Inheritance of acquired characteristics (Lamarckism). The idea that traits can be passed from an organism to its offspring, not only as those traits are determined in a fixed way by genes, but also as they are altered by the activity of the parent organism during its life. The classic example for ridiculing this notion is the giraffe's neck: no matter how much a giraffe stretches its neck during its lifetime in order to browse on higher leaves, this will not affect the inherited neck length of the giraffe's offspring. But researchers today are exploring a rapidly increasing number of cases where acquired characteristics are passed on to offspring quite independently of genetic inheritance. This inheritance is achieved by epigenetic means. "Lamarckism" refers to Jean-Baptiste Pierre Antoine de Monet, Chevalier de la Marck (1744-1829), who argued for the inheritance of acquired characteristics.

initiator (Inr). The initiator, one of the components of a gene promoter.

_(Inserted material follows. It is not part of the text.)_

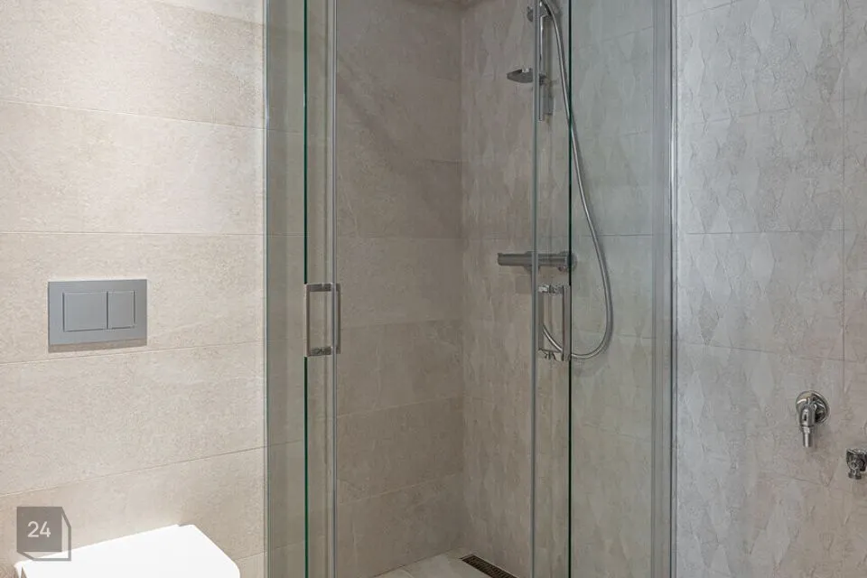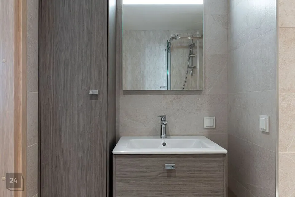 Esikus on avar nish garderoobikapi jaoks. Duširuum on möbleeritud Duraviti mööbliga. Korteri hinnas sisaldub nii valamu, valamukapp, seinakapp kui ka juba paigaldatud valgustusega peegel. Segistid on kroomitud, Hansgrohelt.

In the absence of the TATA box -- or in conjunction with it or with other promoter elements -- Inr can provide a base for the constellation of the pre-initiation complex.

insulator. A DNA sequence that acts as a kind of boundary element, blocking the effects of certain regulatory elements. In particular, an insulator can block the role of an enhancer, or, more broadly, it can prevent the spread of highly condensed chromatin into neighboring regions, where the condensed chromatin might have the effect of suppressing gene expression. Insulators help make possible the independent regulation of nearby chromosome regions.

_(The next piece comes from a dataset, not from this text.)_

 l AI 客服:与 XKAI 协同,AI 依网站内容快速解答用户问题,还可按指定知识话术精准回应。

intron. A segment of the DNA sequence of a gene; more specifically: a segment whose corresponding segment in the gene's RNA transcript is deleted from the transcript before translation. The deletion occurs as a result of the RNA splicing process. Or, in the case of noncoding DNA and its RNA transcripts: introns are those segments deleted before the final functional form of the RNA is achieved. "Intron" can refer either to the DNA sequence or to the corresponding transcribed RNA sequence. Compare exon.

in vitro. "In glass" -- that is, in an artificial environment such as a test tube or laboratory dish.

in vivo. In a living context -- more specifically, in the living cell or organism.

ionizing radiation. Radiation consisting of high-energy particles that can strip electrons from atoms, thereby changing their chemical reactivity, which in turn can cause biological damage.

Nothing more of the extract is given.